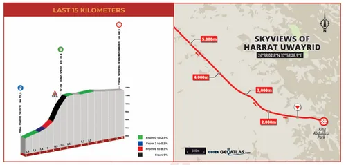 AlUla Tour mag dan verstoten zijn door Mountain Wikrah, het plateau van Harrat Uwayrid is nog altijd present. Deze beklimming van 2,5 kilometer aan maar liefst 12 procent gemiddeld gaat hoe dan ook nog voor spanning zorgen voor het algemeen klassement.
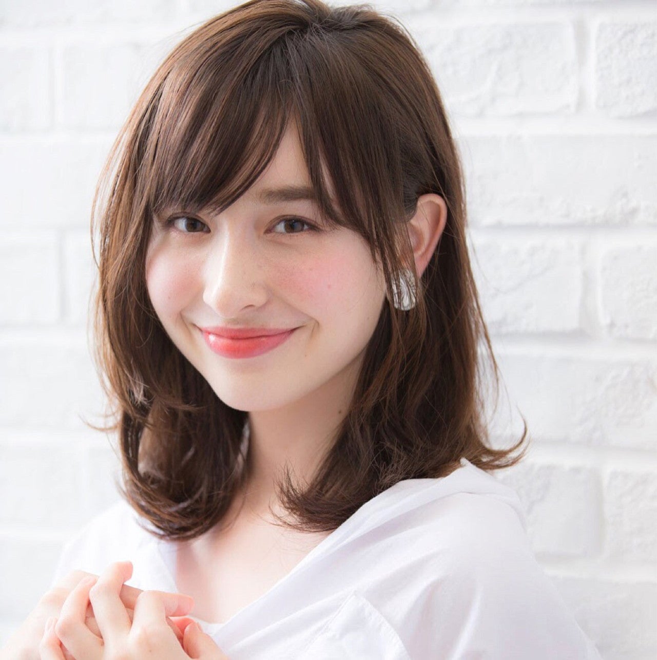 おでこを隠す右分けの前髪はアイドルもしているかわいい印象になれるモテ前髪です。
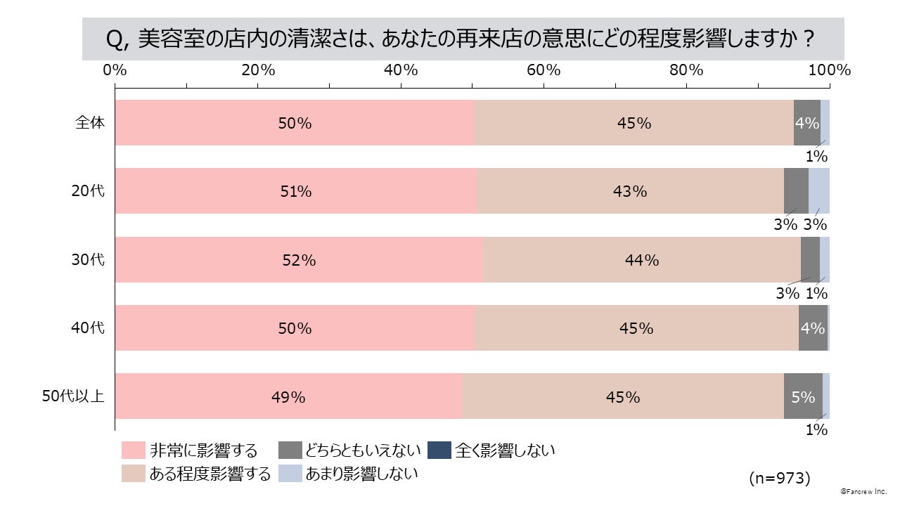お客さまの声を最先端の分析でファン増加につなげる企業、株式会社ファンくる(本社:東京都千代田区、代表取締役社長:山口敬人)は、「ファンくる」会員を対象に、定期的に消費者の意識調査を実施しています。今回は美容室の清潔さについて、再来店意思への影響や、清潔さが最も気になる箇所などを「ファンくる」会員973名(男性197名、女性776名)に調査を実施しました。
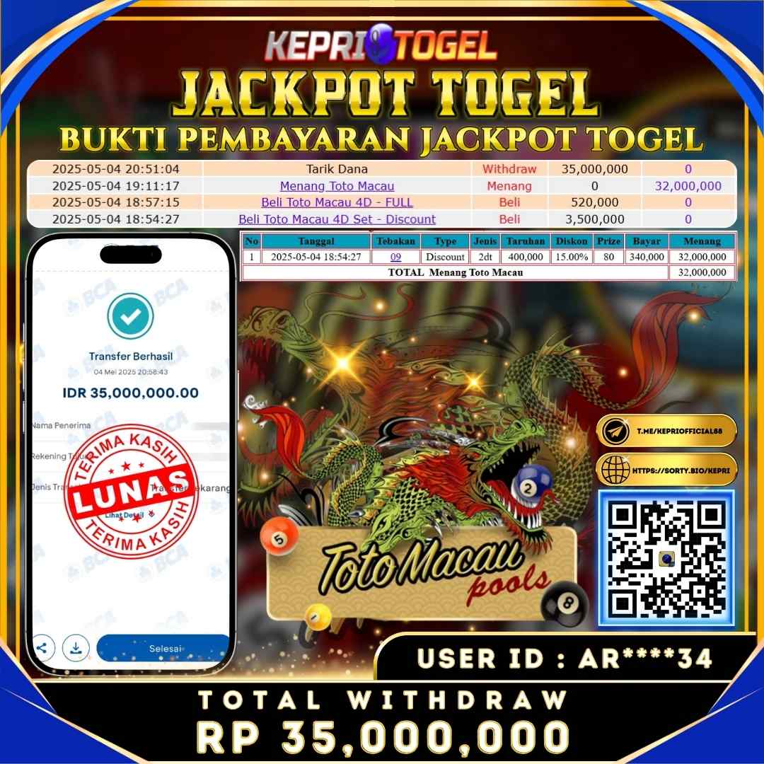 Kepritogel Jackpot Togel TOTO MACAU 4D Rp35,000,000
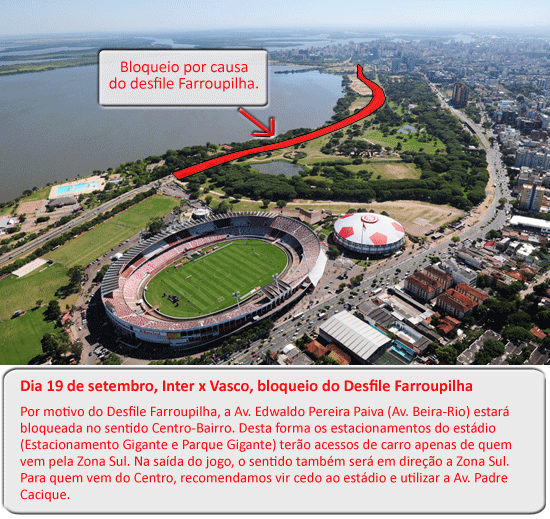 Torcedor colorado, fique atento com as alterações no acesso ao estádio Beira-Rio, pela Avenida Edwaldo Pereira Paiva, para o jogo de Inter e Vasco da Gama. A partida é válida pelo Campeonato Brasileiro. Haverá um bloqueio na avenida em virtude do Desfile Farroupilha, em comemoração ao dia 20 de setembro.
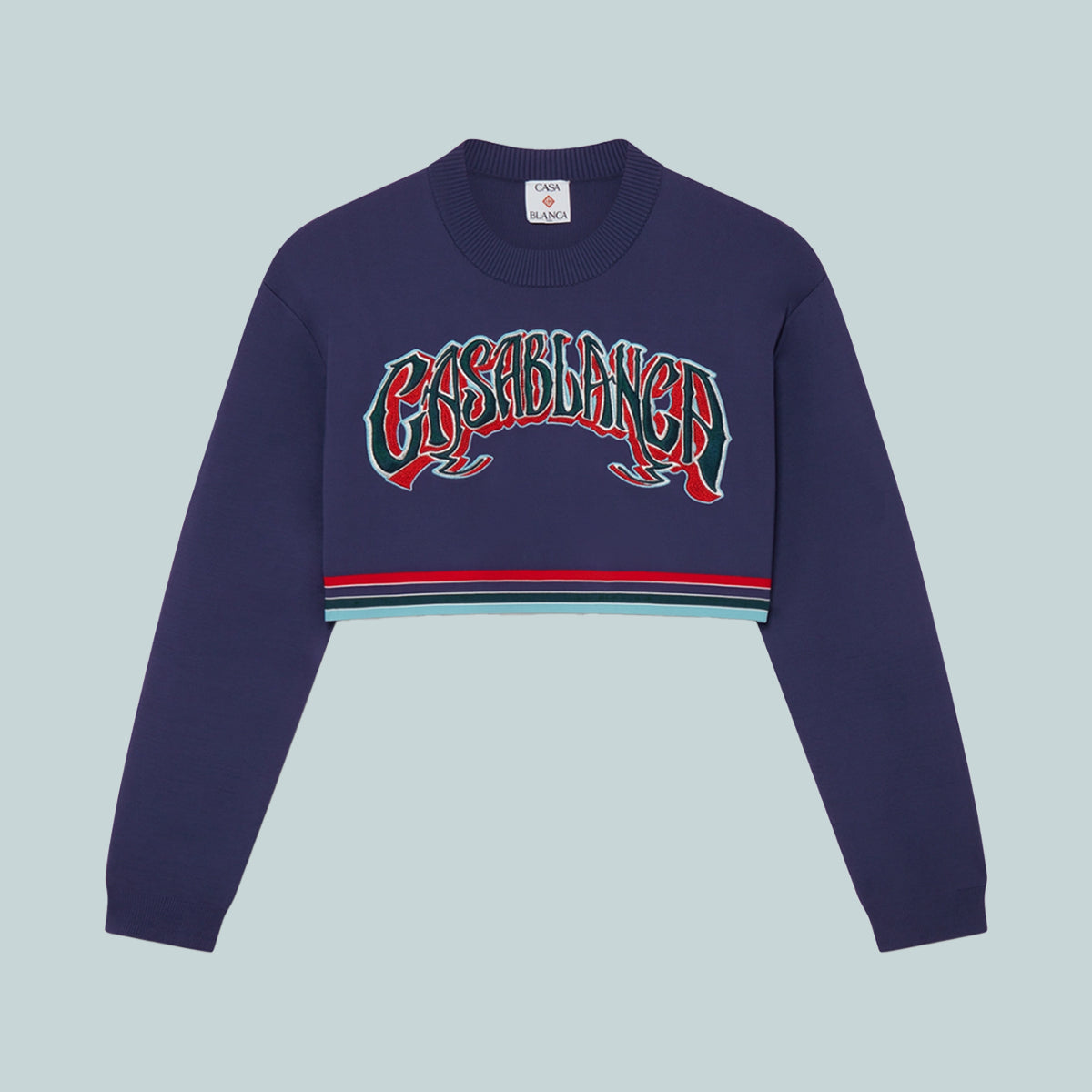 The baseball cropped jumper is crafted from a tricot fabric and features embroidered hand-drawn typography of the Casablanca logo, inspired by the gothic typeface used in tattoos. Completed with rib collar and cuffs, and a red, white, blue, green, and navy horizontal stripe detail on the hem.
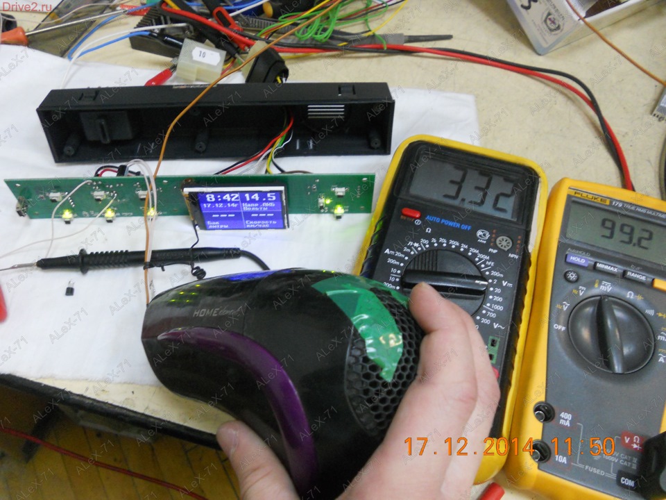 Скажу так феном прогреть я не смог, взял паяльник на 40вт. Приложив паяльник к поверхности радиатора через 2-3 минуты температура поднялась до 65градусов и застыла. При этих условиях напряжение так и было в диапазоне 3,31-3,32В на экране БК все было верно.
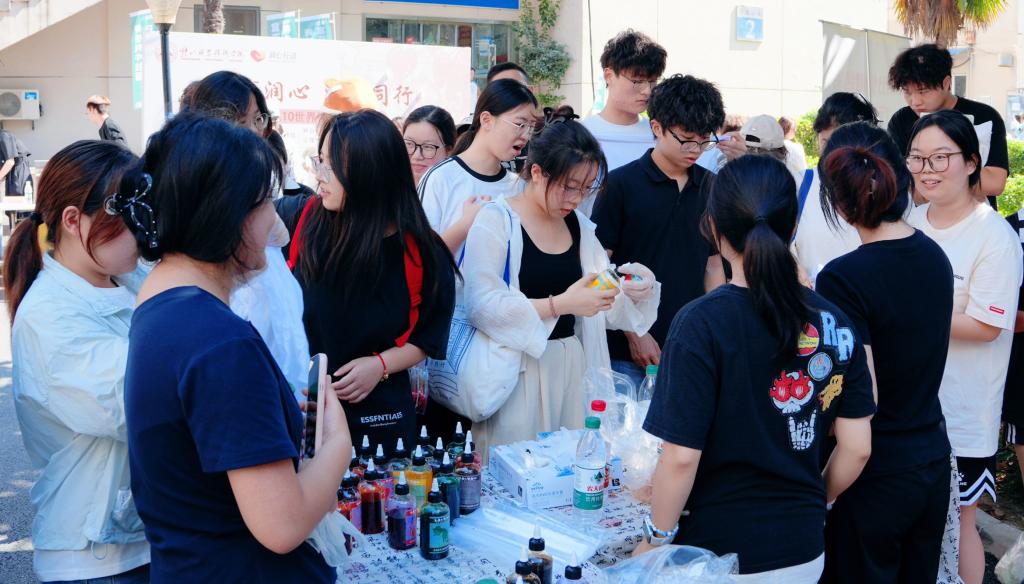 活动现场精心设置了多元疗愈体验与心理科普板块,学生可根据个人兴趣自由参与。在涂鸦区,同学们亲手勾勒绽放的笑脸;扎染区里,缤纷颜料在布料间晕染出心灵的色彩;曼陀罗绘制区中,笔触随情绪在纸间流淌,让色彩成为心情的注脚;盲盒领养区里,大家用爱心“认领”象征陪伴的动物玩偶;灯谜互动区则掀起思维交锋的热潮…… 更有不少同学与心理咨询师面对面敞开心扉,通过“心理格盘”“心灵OH卡”等专业工具,在轻松氛围中释放情绪、疏解困惑。现场处处洋溢着心灵疗愈的温暖气息,让每个参与者都在沉浸式体验中收获内心的平和与力量。

· · ·

● Work request: What is needed is a word-for-word copy of the lines from the start of the data to the line with "Kepritogel Jackpot Togel", inclusive, with no pictures in it.

● Reply:
 AlUla Tour mag dan verstoten zijn door Mountain Wikrah, het plateau van Harrat Uwayrid is nog altijd present. Deze beklimming van 2,5 kilometer aan maar liefst 12 procent gemiddeld gaat hoe dan ook nog voor spanning zorgen voor het algemeen klassement.
 おでこを隠す右分けの前髪はアイドルもしているかわいい印象になれるモテ前髪です。
お客さまの声を最先端の分析でファン増加につなげる企業、株式会社ファンくる(本社:東京都千代田区、代表取締役社長:山口敬人)は、「ファンくる」会員を対象に、定期的に消費者の意識調査を実施しています。今回は美容室の清潔さについて、再来店意思への影響や、清潔さが最も気になる箇所などを「ファンくる」会員973名(男性197名、女性776名)に調査を実施しました。
 Kepritogel Jackpot Togel TOTO MACAU 4D Rp35,000,000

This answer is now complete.